Assessing the Effects of Data Compression in Simulations Using Physically Motivated Metrics

Daniel Laney,1 Steven Langer,1 Christopher Weber,1 Peter Lindstrom,1 and Al Wegener2

1Lawrence Livermore Lab, Livermore, CA, USA
2Samplify, Campbell, CA, USA

Copyright © 2014 Hindawi Publishing Corporation. This is an open access article distributed under the Creative Commons Attribution License, which permits unrestricted use, distribution, and reproduction in any medium, provided the original work is properly cited.

Abstract

This paper examines whether lossy compression can be used effectively in physics simulations as a possible strategy to combat the expected data-movement bottleneck in future high performance computing architectures.

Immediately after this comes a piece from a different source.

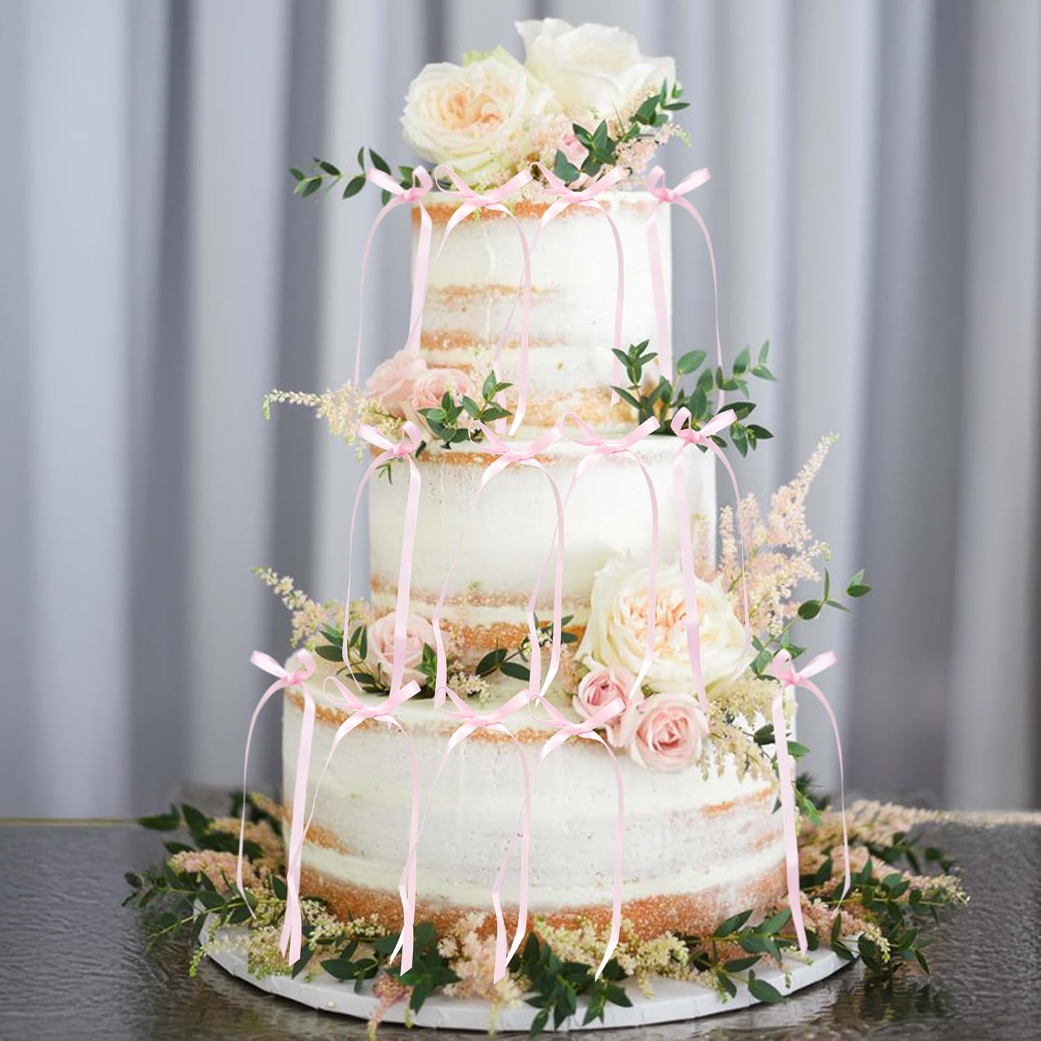 Ephlyn 30Pcs Bow Cupcake Toppers Valentine's Bowknot Ribbons Coquette Bow High Footed Cup Balloon Wall Party Decorations Cake Dessert Picks Birthday Wedding Party Supplies Pink

We show that, for the codes and simulations we tested, compression levels of 3–5X can be applied without causing significant changes to important physical quantities. Rather than applying signal processing error metrics, we utilize physics-based metrics appropriate for each code to assess the impact of compression. We evaluate three different simulation codes: a Lagrangian shock-hydrodynamics code, an Eulerian higher-order hydrodynamics turbulence modeling code, and an Eulerian coupled laser-plasma interaction code. We compress relevant quantities after each time-step to approximate the effects of tightly coupled compression and study the compression rates to estimate memory and disk-bandwidth reduction. We find that the error characteristics of compression algorithms must be carefully considered in the context of the underlying physics being modeled.